The Panel noted Teva’s submission regarding how health professionals and members of the public were directed to the relevant sections of the site including the use of the field force in relation to health professionals and its advertising on the health professional section of Teva’s corporate website which in the Panel’s view was promotional. The Panel further noted Teva’s submission that all topics on the website were generated by the health professional led editorial board to ensure topics and subsequent contents were completely independent to Teva; Teva did, however, review and certify it to ensure consistency with the Code.

The Panel noted that whilst the presentation did not specifically mention DuoResp Spiromax, it referred to budesonide/formoterol and included, in the Panel’s view, promotional claims for it.
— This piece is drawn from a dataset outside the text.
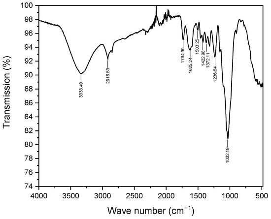 Figure 2 illustrates the FTIR analysis of Zygophyllum gaetulum stem powder before the adsorption of the C.I. Direct Black 80 dye. This provides a comprehensive understanding of its phytochemical composition, which primarily comprises lignin, cellulose, and hemicellulose. The broad band at 3331.36 cm−1 is attributed to hydroxyl stretching vibrations (-OH), which are characteristic of cellulose and hemicellulose due to their polysaccharide structures, as well as the hydroxyl groups present in lignin [37]. The peaks at 2917.44 cm−1 and 2850.06 cm−1 indicate the presence of aliphatic C-H stretching vibrations, in particular methyl (CH3) and methylene (CH2) groups, which are integral to the aliphatic chains of hemicellulose and the complex structure of lignin [38]. The small peak at 1732.29 cm−1 indicates the presence of carbonyl groups (C=O), typical of ketones and aldehydes present in hemicellulose and lignin [38,39]. In addition, the vibration observed at 1626.59 cm−1 suggests the presence of C=C bonds, which are indicative of unsaturated aromatic structures inherent to lignin. The bands at 1421.94 cm−1, 1371.94 cm−1, and 1317.38 cm−1 correspond to the C-H bending of alkyl groups, which are present in both the polysaccharide chains of cellulose and hemicellulose as well as in lignin. The peak lengths of 1237.63 cm−1 and 1031.44 cm−1 indicate C-O stretching vibrations, suggesting the presence of ether and alcohol groups. These groups are characteristic of both glycosidic bonds in cellulose and hemicellulose as well as ether bonds in lignin [40].
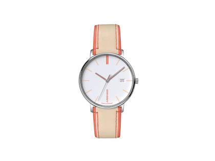 Quarzwerk J645.36, Edelstahlgehäuse, Durchmesser 34,1 mm, Höhe 7,0 mm, mattweißes Zifferblatt mit Datum bei 3 Uhr, Zeiger mit umweltfreundlicher Leuchtmasse, orangenes Lederarmband mit Schnellwechselfunktion und Dornschließe, Bandanstoß 17,0 mm, entspiegeltes Saphirglas, 4-fach verschraubter Edelstahlboden, 5 bar wasserdicht

The Panel noted that a number of budesonide/formoterol combination inhalers were available on the market and DuoResp Spiromax was one of three budesonide/formoterol inhalers on the market. Nonetheless, the Panel considered that the website promoted budesonide/formoterol and Teva marketed this product, namely DuoResp Spiromax. In the Panel’s view, noting its comments above regarding how health professionals were directed to it, and Teva’s involvement in its review, the article could not be considered anything other than promotional for Teva’s medicine. The Panel considered that the article in question should have included DuoResp Spiromax prescribing information and a clear prominent statement of where it could be found and did not include either. The Panel therefore ruled breaches of the Code.

The Panel noted Teva’s submission that there was the ability to report adverse events via the website at the bottom of all the relevant pages. The Panel, therefore, ruled no breach of the Code.

The Panel did not consider that the article was intended for patients taking a specific prescription only medicine and therefore ruled no breach of the Code in relation to the requirement for a side effect reporting statement to be included on the material.

The Panel noted the complainant’s allegation that there was the option to share the article via Facebook, Twitter or LinkedIn. The Panel, noting its comments above, considered that the sharing of the promotional article via social media would constitute the promotion of a Teva prescription only medicine to the public. The Panel noted that the complainant bore the burden of proof and had not established that it had been shared and thus the Panel ruled no breaches of the Code.